Copy out the listing that follows, exactly, without its pictures.
BEGIN Data provided
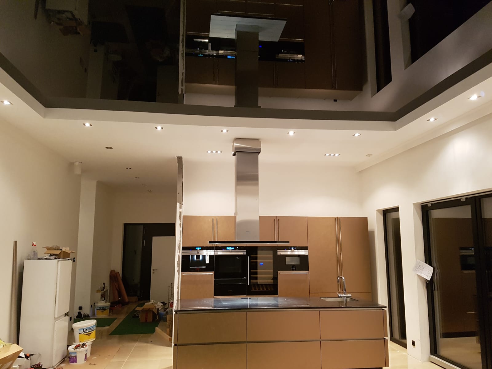 Grifflos, hell und effizient – die Küche Nordische Linie vereint skandinavische Leichtigkeit mit modernem Komfort und stilvollen Spanndecken im gesamten Wohnraum.
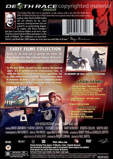 In a boorish future, the government sponsors a popular, but bloody, cross-country race in which points are scored by mowing down pedestrians. Five teams, each comprised of a male and female, compete using cars equipped with deadly weapons. Frankenstein, the mysterious returning champion, has become America's hero, but this time he has a passenger from the underground resistance.
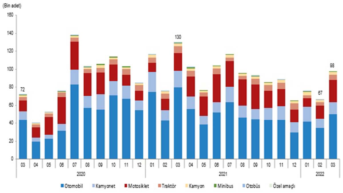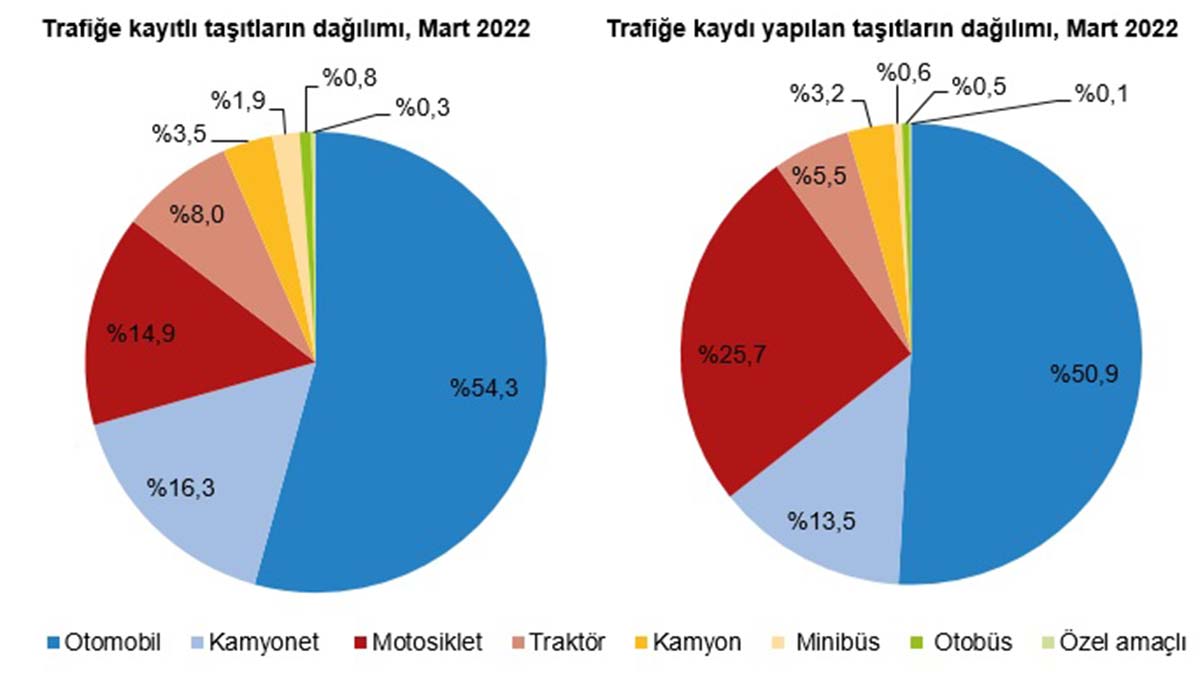 TÜİK, 2022 yılı Mart ayı motorlu kara taşıtları istatistiklerini açıkladı. Buna göre, mart ayında trafiğe kaydı yapılan taşıtların yüzde 50,9’unu otomobil, yüzde 25,7’sini motosiklet, yüzde 13,5’ini kamyonet, yüzde 5,5’ini traktör, yüzde 3,2’sini kamyon, yüzde 0,6’sını minibüs, yüzde 0,5’ini otobüs ve yüzde 0,1’ini özel amaçlı taşıtlar oluşturdu. Mart ayında 97 bin 974 taşıtın trafiğe kaydı yapıldı.
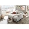 Seat and backrest: covered with textile, which is filled with high-quality antiallergic fillers. Comfort seat: soft and casual upholstery and padding adapts to body shape Relaxing prints and forming wave of requests were typical Rear: made of ergonomic foam The MADELINE L-shaped modular system is distinguished by excellence of Relaxation, comfort, extremely casual upholstery, as a model you want to laze and relax on it. With its modern shapes, the sofa with its distinctive appearance offers ample space to spend comfortable evenings with family or friends. With a timeless design, it fits perfectly into any environment and freely makes in the receiving salon a good figure. Care instructions: To preserve the quality and beauty of the product, there are several important care instructions: Regular vacuuming: dust and dirt easily in the fibers of the reference cable accumulate. To prevent this, you should be vacuuming the sofa regularly, preferably with a soft brush attachment. Stain removal: If you have a stain on the material, you must remove it immediately. Use a clean, damp detergent and cloth to treat the stain gently. Avoid water: The textile covering the product should not be exposed to too much water, as this will lead to stains and discoloration. Therefore, use very little water for cleaning and be careful not to allow the lid to dry completely before using it again. Protection from sunlight: keep the textile away from direct sunlight, discoloration and becoming brittle. Do not place the Sofa in direct sunlight, if necessary, use curtains or blinds for the Sofa to protect from sunlight. By following these simple care tips, you can ensure that the fabric of your sofa stays in perfect condition for many years. Features and functions Execution of relaxation area Seat cushions; removable Color Color information Please note that Online images of articles may vary. Features and functions Blank version Long seat on the right Backrest execution Lined Execution of armrests Lined Type of upholstery suspension, POLYURETHANE foam Cushion structure suspension, POLYURETHANE foam Kind of like the seat cushion bulk Number of back cushions 5 Back cushion mode bulk Equipment Back pillow Number of legs 12 St. Feet Type Glide Weight 35 kg/m3 Number of armrests 1 Width 150 cm Width of seating area 100 cm Weight 77 kg Height 86 cm Foot Height 5 cm Seat height 44 cm Depth 170 cm Seat depth 127 cm Note Dimensions All dates are approximate dimensions. Armrest width 25 cm Material Reference - Reference Corpus - Armrests reference - Pilling Reference 4-5 (low and very low) Material composition 88% Polyester, 12% Acrylic or your choice Base material load-bearing parts are made of solid wood, laminated, MDF and wood-based materials Leg material Plastic Reference abrasion resistance 50000 Martindale Color light gray Color Feet black
END Data provided
**Response area**
 Grifflos, hell und effizient – die Küche Nordische Linie vereint skandinavische Leichtigkeit mit modernem Komfort und stilvollen Spanndecken im gesamten Wohnraum.
 In a boorish future, the government sponsors a popular, but bloody, cross-country race in which points are scored by mowing down pedestrians. Five teams, each comprised of a male and female, compete using cars equipped with deadly weapons. Frankenstein, the mysterious returning champion, has become America's hero, but this time he has a passenger from the underground resistance.
 TÜİK, 2022 yılı Mart ayı motorlu kara taşıtları istatistiklerini açıkladı. Buna göre, mart ayında trafiğe kaydı yapılan taşıtların yüzde 50,9’unu otomobil, yüzde 25,7’sini motosiklet, yüzde 13,5’ini kamyonet, yüzde 5,5’ini traktör, yüzde 3,2’sini kamyon, yüzde 0,6’sını minibüs, yüzde 0,5’ini otobüs ve yüzde 0,1’ini özel amaçlı taşıtlar oluşturdu. Mart ayında 97 bin 974 taşıtın trafiğe kaydı yapıldı.
 Seat and backrest: covered with textile, which is filled with high-quality antiallergic fillers. Comfort seat: soft and casual upholstery and padding adapts to body shape Relaxing prints and forming wave of requests were typical Rear: made of ergonomic foam The MADELINE L-shaped modular system is distinguished by excellence of Relaxation, comfort, extremely casual upholstery, as a model you want to laze and relax on it. With its modern shapes, the sofa with its distinctive appearance offers ample space to spend comfortable evenings with family or friends. With a timeless design, it fits perfectly into any environment and freely makes in the receiving salon a good figure. Care instructions: To preserve the quality and beauty of the product, there are several important care instructions: Regular vacuuming: dust and dirt easily in the fibers of the reference cable accumulate. To prevent this, you should be vacuuming the sofa regularly, preferably with a soft brush attachment. Stain removal: If you have a stain on the material, you must remove it immediately. Use a clean, damp detergent and cloth to treat the stain gently. Avoid water: The textile covering the product should not be exposed to too much water, as this will lead to stains and discoloration. Therefore, use very little water for cleaning and be careful not to allow the lid to dry completely before using it again. Protection from sunlight: keep the textile away from direct sunlight, discoloration and becoming brittle. Do not place the Sofa in direct sunlight, if necessary, use curtains or blinds for the Sofa to protect from sunlight. By following these simple care tips, you can ensure that the fabric of your sofa stays in perfect condition for many years. Features and functions Execution of relaxation area Seat cushions; removable Color Color information Please note that Online images of articles may vary. Features and functions Blank version Long seat on the right Backrest execution Lined Execution of armrests Lined Type of upholstery suspension, POLYURETHANE foam Cushion structure suspension, POLYURETHANE foam Kind of like the seat cushion bulk Number of back cushions 5 Back cushion mode bulk Equipment Back pillow Number of legs 12 St. Feet Type Glide Weight 35 kg/m3 Number of armrests 1 Width 150 cm Width of seating area 100 cm Weight 77 kg Height 86 cm Foot Height 5 cm Seat height 44 cm Depth 170 cm Seat depth 127 cm Note Dimensions All dates are approximate dimensions. Armrest width 25 cm Material Reference - Reference Corpus - Armrests reference - Pilling Reference 4-5 (low and very low) Material composition 88% Polyester, 12% Acrylic or your choice Base material load-bearing parts are made of solid wood, laminated, MDF and wood-based materials Leg material Plastic Reference abrasion resistance 50000 Martindale Color light gray Color Feet black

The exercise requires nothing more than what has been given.